What to produce:
Each entry should be restated word for word, with all pictures left out.

Data:
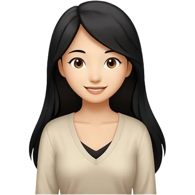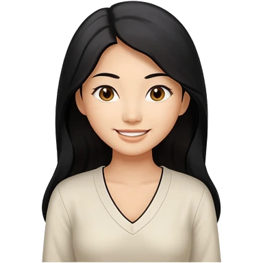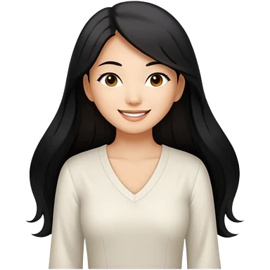 medium tan asian woman with long black hair past middle of back, round brwn eyes, white v neck blouse smiling. emoji
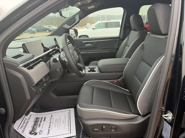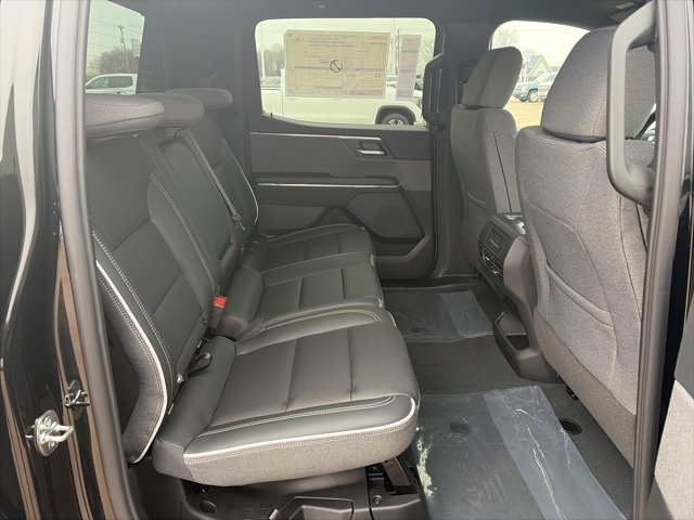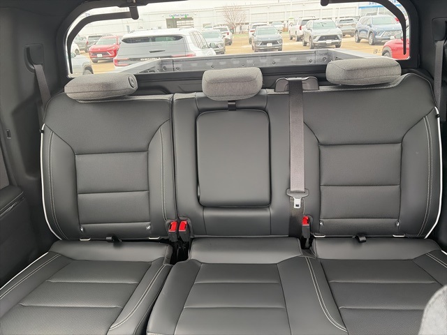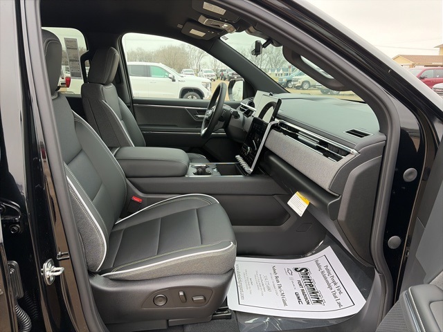 Navigation, Leather, Heated and cooled seats, Heated seats, Heated steering wheel, XM SIRIUS Radio, Push button start, Bluetooth, Rear Back Up Camera, Power driver's seat, Power passenger seat, Memory seats, Blind spot indicator, Convenience Package, Apple Car Play, LCD display screen, Onstar, Steering Wheel Controls, Alloy Wheels, Leather Interior, Lane Monitor, Adaptive Cruise, Sierra EV Elevation, 4D Crew Cab, Electric ZEV 645hp, 1-Speed Automatic, AWD, Onyx Black, After Dark w/CoreTec Seat Trim, 11.63 Axle Ratio, 2-Way Driver Power Lumbar Seat Adjuster, 4 Bed-Mounted 120-Volt Power Outlets, 4-Way Driver Power Lumbar Seat Adjuster, 4-Way Manual Front Passenger Seat Adjuster, 4-Way Power Front Passenger Lumbar Seat Adjuster, 4-Wheel Disc Brakes, 6 Speakers, 6-Speaker Audio System Feature, 8-Way Power Driver Seat Adjuster, 8-Way Power Front Passenger Seat Adjuster, ABS brakes, Air Conditioning, Alloy wheels, AM/FM radio: SiriusXM with 360L, Auto High-beam Headlights, Auto-dimming Rear-View mirror, Automatic temperature control, Bed View Camera, Bed-Mounted 240-Volt Power Outlet, Blind Zone Steering Assist, Blind Zone Steering Assist w/Trailering, Brake assist, Bumpers: body-color, Cargo Lamps, Comfort & Convenience Package, CoreTec Seat Trim, Delay-off headlights, Driver door bin, Driver vanity mirror, Dual front impact airbags, Dual front side impact airbags, Electronic stabiliy control, Emergency communication system: OnStar, Extended Range Battery Pack, Four wheel independent suspension, Front & Rear Park Assist, Front anti-roll bar, Front Bucket Seats, Front Bucket Seats w/Center Console, Front dual zone A/C, Front License Plate Kit, Front reading lights, Fully automatic headlights, Garage door transmitter, GM PowerUp 2 (J1772) Charger (LPO), Heated door mirrors, Heated Front Driver & Passenger Seats, Heated front seats, Heated Rear Outboard Passenger Cushion, Heated steering wheel, Inside Rear-View Auto-Dimming Mirror, Low tire pressure warning, Manual Folding Heated Outside Mirrors, Manual Tilt & Telescoping Steering Column, Memory Settings, MultiPro Midgate, Navigation System, Occupant sensing airbag, Outside Heated Power-Adjustable Mirrors, Outside temperature display, Overhead airbag, Overhead console, Panic alarm, Passenger door bin, Passenger vanity mirror, Power door mirrors, Power driver seat, Power steering, Power Tilt & Telescopic Steering Column, Power windows, Preferred Equipment Group 3SC, Premium 7-Speaker Bose Sound System, Premium audio system: Premium GMC Infotainment System, Premium Package, Radio data system, Radio: 16.8" Diagonal Premium GMC Infotainment Sys, Rain sensing wipers, Rear 60/40 Folding Bench Seat, Rear 60/40 Split Seat w/Center Armrest, Rear Camera Mirror, Rear fog lights, Rear reading lights, Rear seat center armrest, Rear step bumper, Rear window defroster, Remote keyless entry, Security system, SiriusXM w/360L Trial Subscription, Smart Trailer Integration Indicator, Speed control, Speed-sensing steering, Split folding rear seat, Sport steering wheel, Spray-On Pickup Bedliner, Standard Suspension, Steering wheel mounted audio controls, Technology Package, Telescoping steering wheel, Tilt steering wheel, Traction control, Trailer Camera Provisions, Trip computer, Variably intermittent wipers, Ventilated Driver & Front Passenger Seats, Wheels: 18" x 8.5" Aluminum Machined Face. 70/59 City/Highway MPG
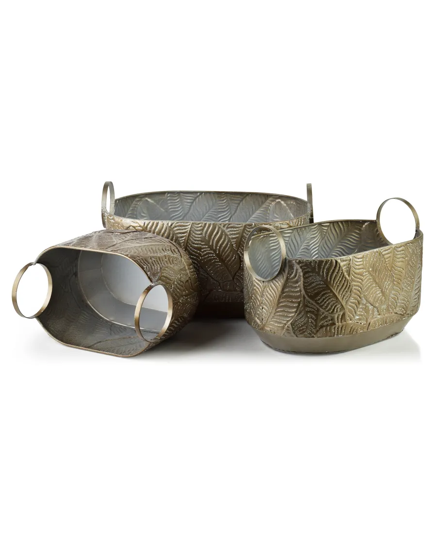 Komplet 3 osłonek MARINA LEAFMateriał: metalWykończenie: tłoczone liście, dekoracyjny wzórKolor: elegancki brązStyl: naturalny, etniczny, pasujący do wnętrz boho, rustykalnych i klasycznychZastosowanie: osłonki na doniczki, dekoracja stołu, półki czy tarasuDzięki zdobieniu w formie tłoczonych liści osłonki mają wyjątkowy charakter i świetnie komponują się z zielenią roślin. Brązowe wykończenie dodaje im ciepła i naturalności, a metalowa konstrukcja zapewnia trwałość. XL 31x48x24 L 26x40x21cm M 21x31x19,5cm
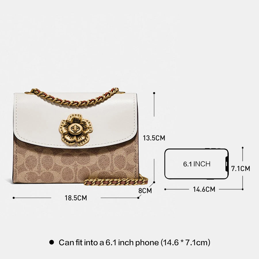 - Accents de Luxe : Les ferrures en métal poli, y compris les boucles et les fermoirs, ajoutent une touche de sophistication et de durabilité, rehaussant le design luxueux du sac.
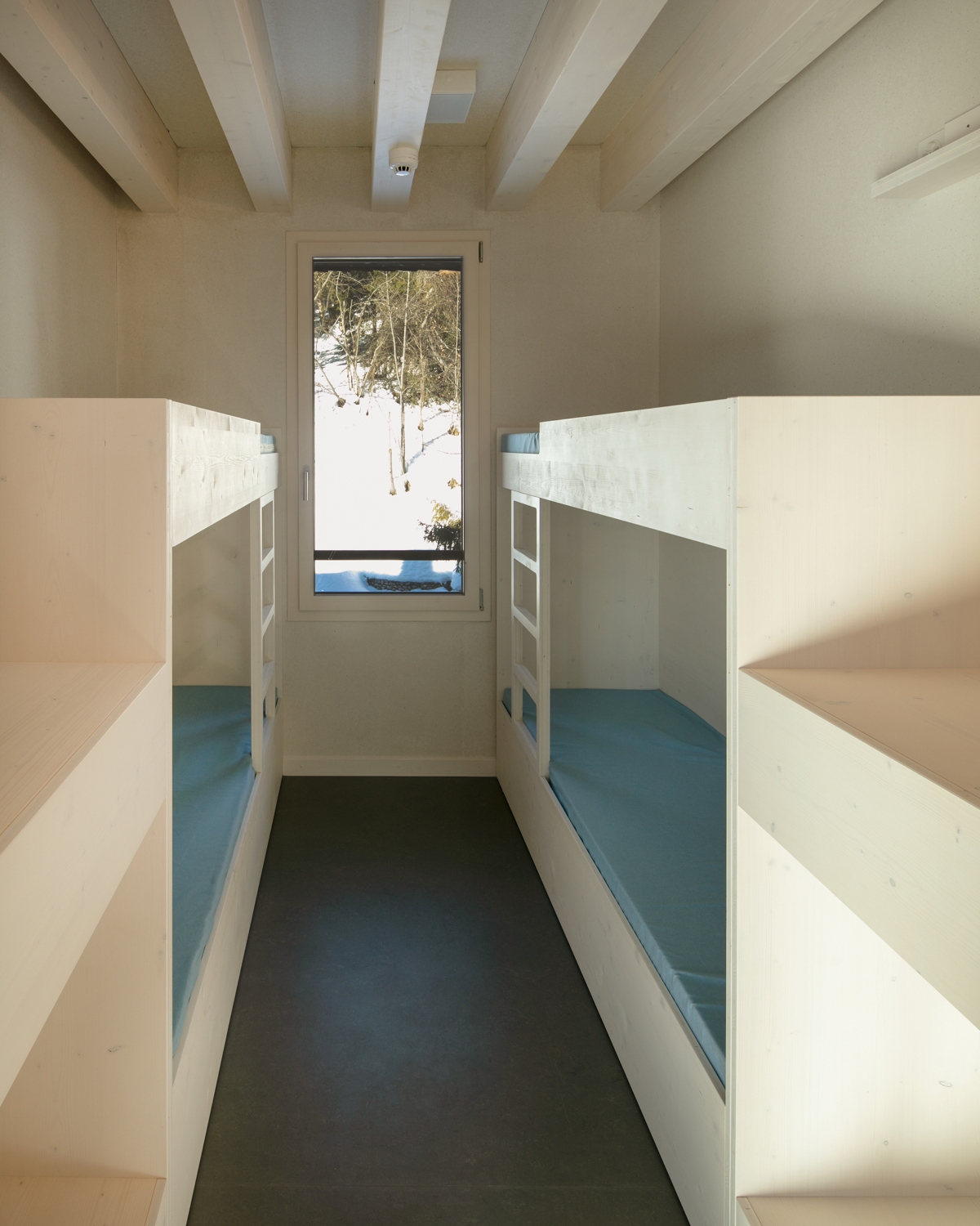 Au Nord, les chambres d’une échelle plus modeste bénéficient de la proximité et du calme de la dense forêt. Dans le dessin précis du mobilier, les jeunes usagers trouvent des commodités permettant de poser et recharger le téléphone portable, de laisser la valise posée ouverte et de dormir dans une couchette qui évoque la mémoire du chalet.
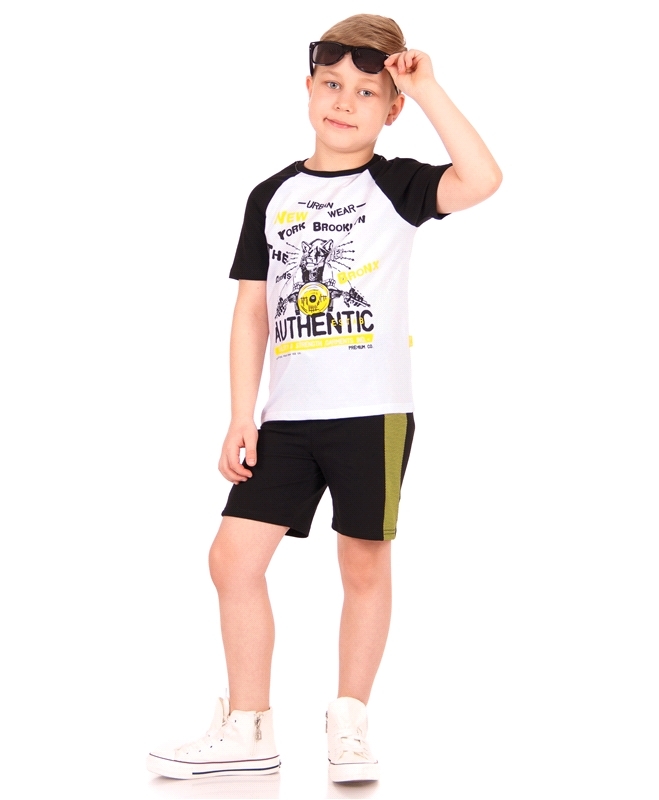 Состав: кулир с лайкрой / хлопок 92% + лайкра 8%, Футболка для мальчика выполнена из легкого хлопкового полотна с лайкрой. Изделие с короткими рукавами-реглан, украшено стильным принтом. Отличный вари... Показать описаниеант для летнего дня! Уход: только машинная стирка (руками не стирать!) при температуре 40 градусов, без предварительного замачивания. Изделия с печатью и декором перед стиркой необходимо вывернуть на изнаночную сторону.
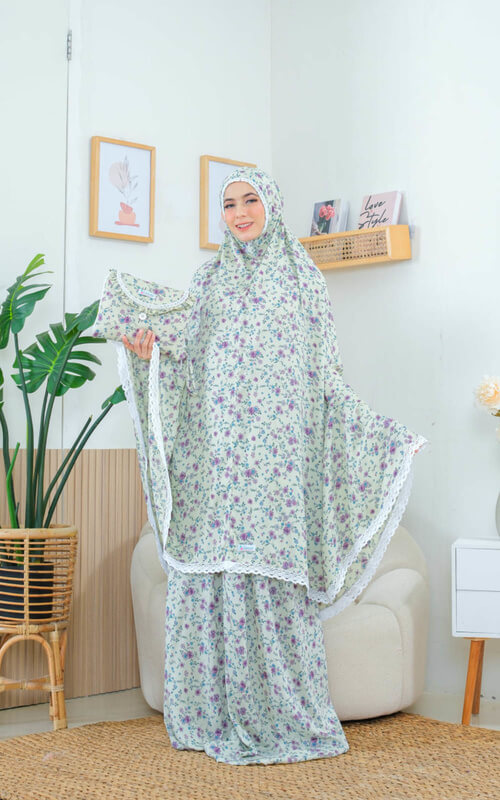Gorgeous! Setelan mukena ini bertabur bunga lavender di seluruh bagiannya. Warnanya juga senada jadi tampak cantik dan cocok jadi mukena lebaran. Bagian pinggirannya dihias dengan renda putih yang senada dengan bagian kening.
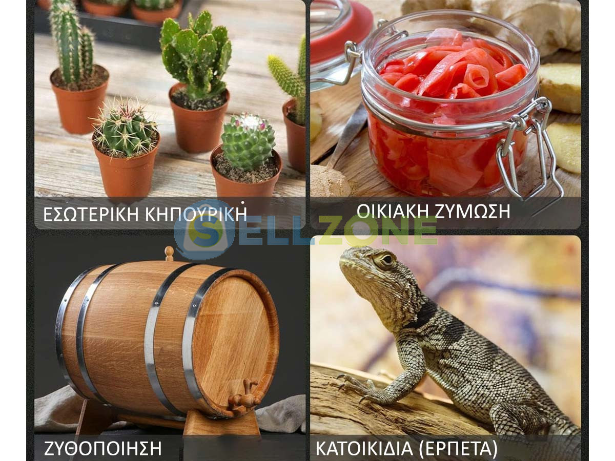 - Με τον ενσωματωμένο θερμοστάτη, έχετε τον πλήρη έλεγχο της θερμοκρασίας, διασφαλίζοντας τις κατάλληλες συνθήκες για κάθε καλλιέργεια.
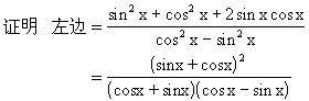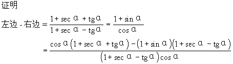 说明 以上证明中采用了“1的代换”的技巧,即将1用sec2α-tg2α代换,可是解题者怎么会想到这种代换的呢?很可能,解题者在采用这种代换时,已经预见到代换后,分子可以因式分解,可以约分,而所有这一切都是建立在熟悉公式的各种变形的基础上的,当然,对不熟练的解题者而言,还有如下的“一般证法”--即证明“左边-右边=0”
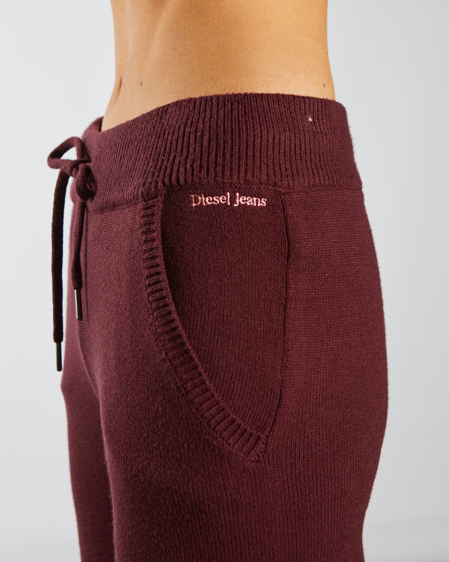 Introducing our super soft knitted trousers featuring a ribbed waistband, side pockets and drawcords designed with branded DIESEL aglets. This trouser features an embroidered DIESEL logo below the pocket. Team it with our Bonnie Knit for an effortless, polished look.

Exercise answer:
 medium tan asian woman with long black hair past middle of back, round brwn eyes, white v neck blouse smiling. emoji
 Navigation, Leather, Heated and cooled seats, Heated seats, Heated steering wheel, XM SIRIUS Radio, Push button start, Bluetooth, Rear Back Up Camera, Power driver's seat, Power passenger seat, Memory seats, Blind spot indicator, Convenience Package, Apple Car Play, LCD display screen, Onstar, Steering Wheel Controls, Alloy Wheels, Leather Interior, Lane Monitor, Adaptive Cruise, Sierra EV Elevation, 4D Crew Cab, Electric ZEV 645hp, 1-Speed Automatic, AWD, Onyx Black, After Dark w/CoreTec Seat Trim, 11.63 Axle Ratio, 2-Way Driver Power Lumbar Seat Adjuster, 4 Bed-Mounted 120-Volt Power Outlets, 4-Way Driver Power Lumbar Seat Adjuster, 4-Way Manual Front Passenger Seat Adjuster, 4-Way Power Front Passenger Lumbar Seat Adjuster, 4-Wheel Disc Brakes, 6 Speakers, 6-Speaker Audio System Feature, 8-Way Power Driver Seat Adjuster, 8-Way Power Front Passenger Seat Adjuster, ABS brakes, Air Conditioning, Alloy wheels, AM/FM radio: SiriusXM with 360L, Auto High-beam Headlights, Auto-dimming Rear-View mirror, Automatic temperature control, Bed View Camera, Bed-Mounted 240-Volt Power Outlet, Blind Zone Steering Assist, Blind Zone Steering Assist w/Trailering, Brake assist, Bumpers: body-color, Cargo Lamps, Comfort & Convenience Package, CoreTec Seat Trim, Delay-off headlights, Driver door bin, Driver vanity mirror, Dual front impact airbags, Dual front side impact airbags, Electronic stabiliy control, Emergency communication system: OnStar, Extended Range Battery Pack, Four wheel independent suspension, Front & Rear Park Assist, Front anti-roll bar, Front Bucket Seats, Front Bucket Seats w/Center Console, Front dual zone A/C, Front License Plate Kit, Front reading lights, Fully automatic headlights, Garage door transmitter, GM PowerUp 2 (J1772) Charger (LPO), Heated door mirrors, Heated Front Driver & Passenger Seats, Heated front seats, Heated Rear Outboard Passenger Cushion, Heated steering wheel, Inside Rear-View Auto-Dimming Mirror, Low tire pressure warning, Manual Folding Heated Outside Mirrors, Manual Tilt & Telescoping Steering Column, Memory Settings, MultiPro Midgate, Navigation System, Occupant sensing airbag, Outside Heated Power-Adjustable Mirrors, Outside temperature display, Overhead airbag, Overhead console, Panic alarm, Passenger door bin, Passenger vanity mirror, Power door mirrors, Power driver seat, Power steering, Power Tilt & Telescopic Steering Column, Power windows, Preferred Equipment Group 3SC, Premium 7-Speaker Bose Sound System, Premium audio system: Premium GMC Infotainment System, Premium Package, Radio data system, Radio: 16.8" Diagonal Premium GMC Infotainment Sys, Rain sensing wipers, Rear 60/40 Folding Bench Seat, Rear 60/40 Split Seat w/Center Armrest, Rear Camera Mirror, Rear fog lights, Rear reading lights, Rear seat center armrest, Rear step bumper, Rear window defroster, Remote keyless entry, Security system, SiriusXM w/360L Trial Subscription, Smart Trailer Integration Indicator, Speed control, Speed-sensing steering, Split folding rear seat, Sport steering wheel, Spray-On Pickup Bedliner, Standard Suspension, Steering wheel mounted audio controls, Technology Package, Telescoping steering wheel, Tilt steering wheel, Traction control, Trailer Camera Provisions, Trip computer, Variably intermittent wipers, Ventilated Driver & Front Passenger Seats, Wheels: 18" x 8.5" Aluminum Machined Face. 70/59 City/Highway MPG
 Komplet 3 osłonek MARINA LEAFMateriał: metalWykończenie: tłoczone liście, dekoracyjny wzórKolor: elegancki brązStyl: naturalny, etniczny, pasujący do wnętrz boho, rustykalnych i klasycznychZastosowanie: osłonki na doniczki, dekoracja stołu, półki czy tarasuDzięki zdobieniu w formie tłoczonych liści osłonki mają wyjątkowy charakter i świetnie komponują się z zielenią roślin. Brązowe wykończenie dodaje im ciepła i naturalności, a metalowa konstrukcja zapewnia trwałość. XL 31x48x24 L 26x40x21cm M 21x31x19,5cm
 - Accents de Luxe : Les ferrures en métal poli, y compris les boucles et les fermoirs, ajoutent une touche de sophistication et de durabilité, rehaussant le design luxueux du sac.
 Au Nord, les chambres d’une échelle plus modeste bénéficient de la proximité et du calme de la dense forêt. Dans le dessin précis du mobilier, les jeunes usagers trouvent des commodités permettant de poser et recharger le téléphone portable, de laisser la valise posée ouverte et de dormir dans une couchette qui évoque la mémoire du chalet.
 Состав: кулир с лайкрой / хлопок 92% + лайкра 8%, Футболка для мальчика выполнена из легкого хлопкового полотна с лайкрой. Изделие с короткими рукавами-реглан, украшено стильным принтом. Отличный вари... Показать описаниеант для летнего дня! Уход: только машинная стирка (руками не стирать!) при температуре 40 градусов, без предварительного замачивания. Изделия с печатью и декором перед стиркой необходимо вывернуть на изнаночную сторону.
Gorgeous! Setelan mukena ini bertabur bunga lavender di seluruh bagiannya. Warnanya juga senada jadi tampak cantik dan cocok jadi mukena lebaran. Bagian pinggirannya dihias dengan renda putih yang senada dengan bagian kening.
 - Με τον ενσωματωμένο θερμοστάτη, έχετε τον πλήρη έλεγχο της θερμοκρασίας, διασφαλίζοντας τις κατάλληλες συνθήκες για κάθε καλλιέργεια.
 说明 以上证明中采用了“1的代换”的技巧,即将1用sec2α-tg2α代换,可是解题者怎么会想到这种代换的呢?很可能,解题者在采用这种代换时,已经预见到代换后,分子可以因式分解,可以约分,而所有这一切都是建立在熟悉公式的各种变形的基础上的,当然,对不熟练的解题者而言,还有如下的“一般证法”--即证明“左边-右边=0”
 Introducing our super soft knitted trousers featuring a ribbed waistband, side pockets and drawcords designed with branded DIESEL aglets. This trouser features an embroidered DIESEL logo below the pocket. Team it with our Bonnie Knit for an effortless, polished look.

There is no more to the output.